At the same time, an offset bit "1" or "0" corresponding to each display position is added to 2 bits from the MSB. An example of such a data structure is shown below. [0012]M
SB LSB
Data bit string D8 D7 D6
D5 D4 D3 D2 D1 Data of group A 1 1 D8 D7 D6 D
5 D4 D3 Group B data
1 0 D8 D7 D6 D5 D4 D3
Data of group C 0 1 D
8 D7 D6 D5 D4 D3 Data of group D 0 0 D8 D7 D6
D5 D4 D3 As described above, according to the above embodiment, the input data digitized by the AD converter 11 is stored in the acquisition memory 12 and the display memory 15, and the data is stored in the Y-axis data compression circuit 17. compressed to 1/4 times through CPU1 at the same time.
6 adds 2-bit offset data and outputs it to the display circuit, thereby allowing four screen length data to be displayed on one screen. Effects of the Invention As is clear from the above embodiments, the present invention can be implemented without substantially changing the existing hardware.
By changing the data processing sequence, a new function that allows data for up to four screens to be displayed on one screen can be realized at low cost.

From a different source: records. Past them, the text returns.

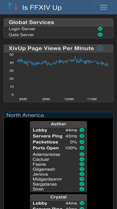 98%reporting the server status for final fantasy xiv (ffxiv)
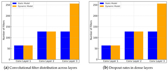 The experimental results revealed that although both models exhibited strong generalisation capabilities, the static CNN consistently outperformed its dynamic counterpart across all evaluation metrics. The architectural divergence is evident in Figure 16a, where the dynamic model significantly increases its convolutional filter count in the final layer. Meanwhile, Figure 16b shows the dynamic model also employs higher dropout rates, reflecting a more robust regularisation strategy.
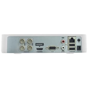 O DS-7104HGHI-M1 simplifica a instalação de sistemas com áudio, suportando a transmissão de áudio por meio do cabo coaxial (para câmeras compatíveis). O dispositivo conta com saídas de vídeo HDMI e VGA simultâneas, interface de rede para acesso remoto via Hik-Connect e espaço para instalação de um disco rígido SATA de até 4 TB, oferecendo uma solução completa em um chassi compacto.
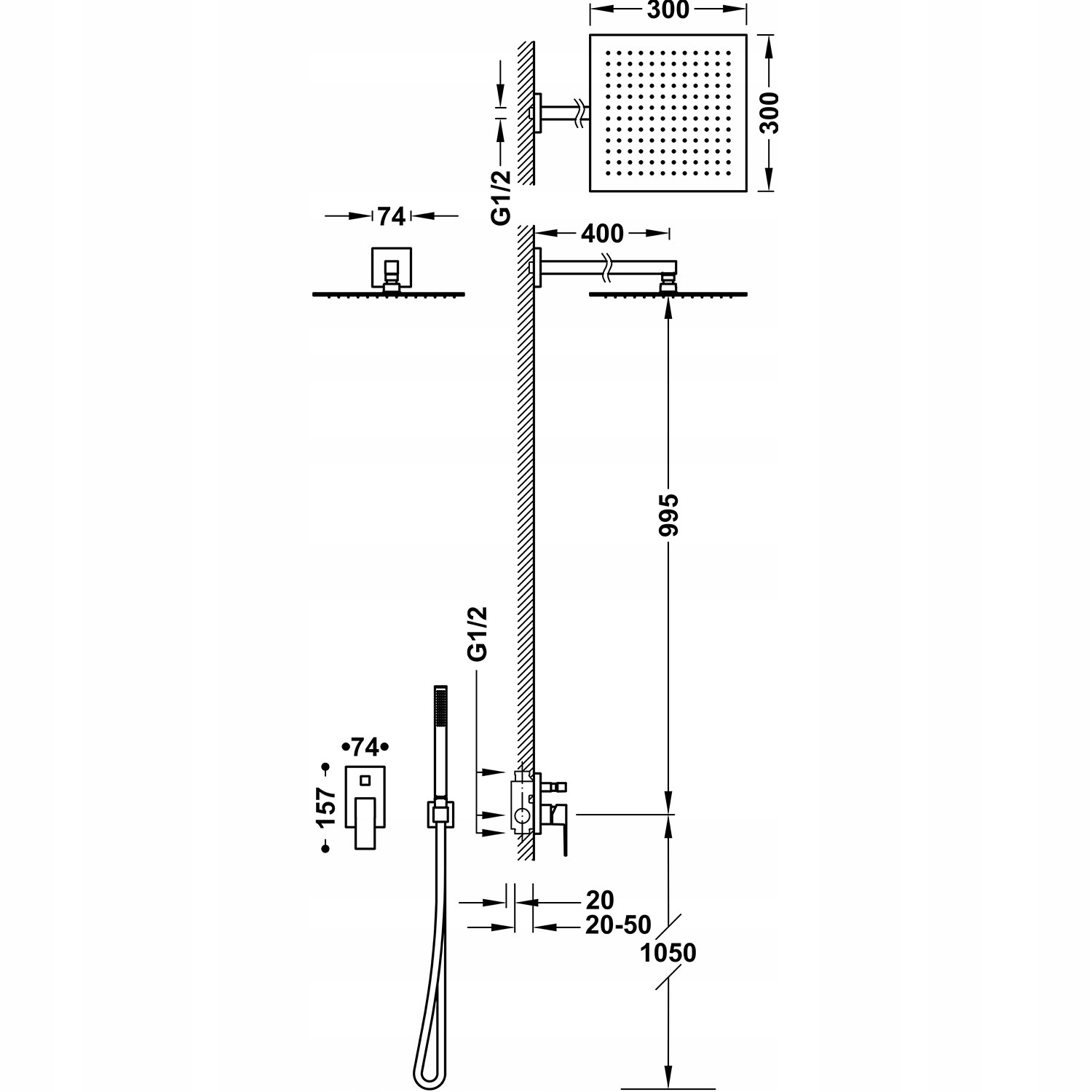 Прихований корпус у комплекті.· Двосторонній перемикач струменю.· Настінний кронштейн із регульованим тропічним душем з нержавіючої сталі: 300x300 мм.· Тримач душової лійки з підключенням до стіни.· Душова лійка з латунною системою проти накипу.· Сатиновий шланг.
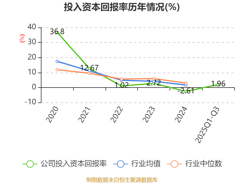 盈利能力方面, 2025年前三季度公司加权平均净资产收益率为1.98%,同比上升0.82个百分点。公司2025年前三季度投入资本回报率为1.96%,较上年同期上升0.89个百分点。

In addition, the advantages of the conventional method can be retained as functions, and since the CPU does not have to thin out data in the time axis direction, the processing by the CPU can be reduced, and the acquisition speed can be improved. have an effect.

[Brief explanation of drawings]

FIG. 1 is a block diagram of a waveform analysis device according to an embodiment of the present invention.

[Figure 2] Block diagram of the Y-axis data compression circuit in the device

[Figure 3] Signal waveform diagram showing an example of screen display in the same device

[
Figure 4: Block diagram of conventional waveform analysis device

[Figure 5] Signal waveform diagram showing an example of screen display in the conventional example

[Explanation of symbols]

11 AD converter 12 Acquisition memory 13 Memory address control circuit 14 Memory transfer circuit 15 Display memory 16 CPU 17 Y-axis data compression circuit

Claims (1)

[Claims] 1. A memory that stores data for multiple screens, and compresses data in the voltage axis direction of the stored data to 1/4, 1/2, or 1, and adds offset data. A waveform analysis device comprising a data compression circuit and a CPU that controls the offset data and manages the address of the memory.